SUPPLIED INFORMATION

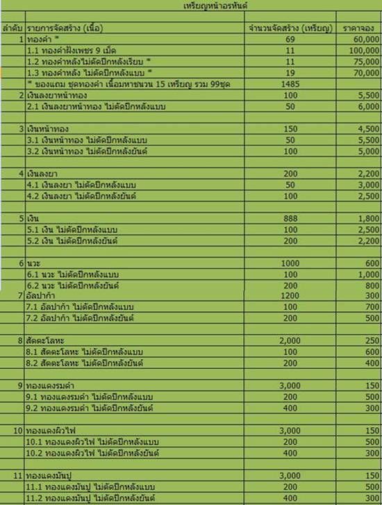 วันนี้ขอนำเสนอรายการจัดสร้างแบบพิมพ์อีก1พิมพ์เหรียญหน้าอรหันต์ในชื่อรุ่นอรหันต์91ซึ่งแบบเหรียญกำลังดำเนินการออกแบบอยู่ครับแต่รับรองว่าสวยโดนใจใครหลายๆคนแน่ทางวัดจะเปิดให้จองทั้ง 2 พิมพ์ได้ในเดือนหน้าครับขอให้อดใจรอก่อนครับส่วน รายนามศูนย์กระจายบุญจะประกาศให้ทราบในเร็ววันนี้ครับถ้าท่านใดสนิทกับศูนย์ใดขอเชิญติดต่อกันเนิ่นๆเลยครับทางวัดและคณะกรรมการขอขอบคุณและขออนุโมทนาบุญแก่ทุกๆท่านที่สนใจร่วมจองวัตถุมงคลกับทางวัดเพื่อนำรายได้ไปสร้างวิหารเป็นการจรรโลงพระพุทธศาสนาสืบต่อไป |
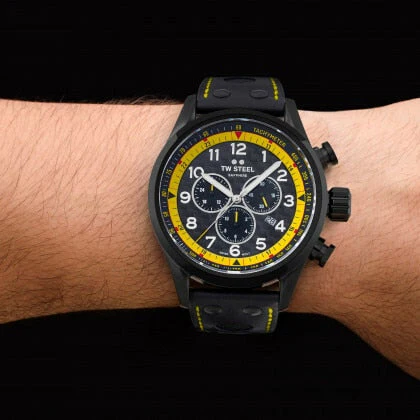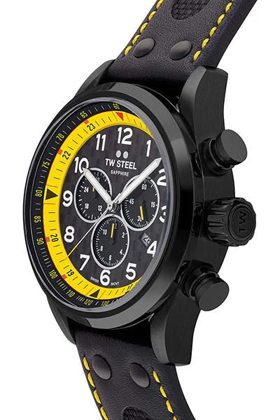 Go full throttle with the Coronel WTCR Special Edition. Powered by a Swiss made chronograph movement, this model features a 48mm brushed PVD black coated case with shiny bezel, crown and pushers, and a black carbon dial. The caseback proudly sports a special Coronel WTCR logo.
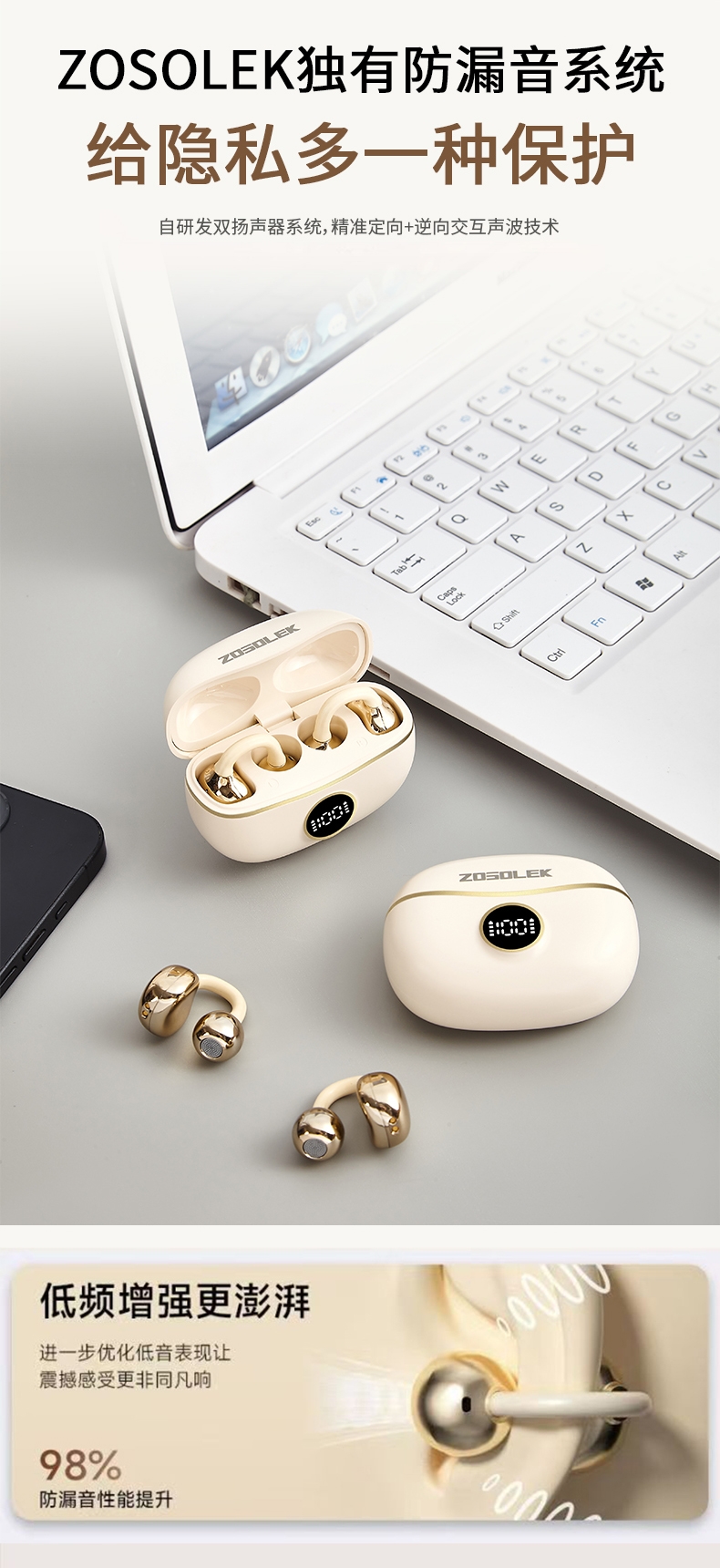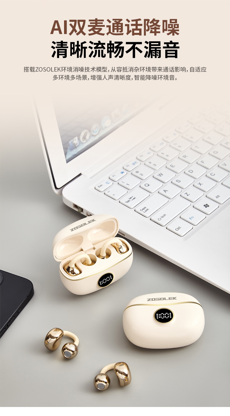 不入耳夹耳设计,亲肤贴合耳部,不挑耳型,云感佩戴;自研发双扬声系统,TD定向传音不漏音,保护隐私;AI数字消噪,ENC通话降噪,双重抗风噪,实现高清

AIM OF THE EXERCISE
Each line of the data above should be reproduced without alteration, and no picture should appear in the copy.

TASK SOLUTION
 วันนี้ขอนำเสนอรายการจัดสร้างแบบพิมพ์อีก1พิมพ์เหรียญหน้าอรหันต์ในชื่อรุ่นอรหันต์91ซึ่งแบบเหรียญกำลังดำเนินการออกแบบอยู่ครับแต่รับรองว่าสวยโดนใจใครหลายๆคนแน่ทางวัดจะเปิดให้จองทั้ง 2 พิมพ์ได้ในเดือนหน้าครับขอให้อดใจรอก่อนครับส่วน รายนามศูนย์กระจายบุญจะประกาศให้ทราบในเร็ววันนี้ครับถ้าท่านใดสนิทกับศูนย์ใดขอเชิญติดต่อกันเนิ่นๆเลยครับทางวัดและคณะกรรมการขอขอบคุณและขออนุโมทนาบุญแก่ทุกๆท่านที่สนใจร่วมจองวัตถุมงคลกับทางวัดเพื่อนำรายได้ไปสร้างวิหารเป็นการจรรโลงพระพุทธศาสนาสืบต่อไป |
 Go full throttle with the Coronel WTCR Special Edition. Powered by a Swiss made chronograph movement, this model features a 48mm brushed PVD black coated case with shiny bezel, crown and pushers, and a black carbon dial. The caseback proudly sports a special Coronel WTCR logo.
 不入耳夹耳设计,亲肤贴合耳部,不挑耳型,云感佩戴;自研发双扬声系统,TD定向传音不漏音,保护隐私;AI数字消噪,ENC通话降噪,双重抗风噪,实现高清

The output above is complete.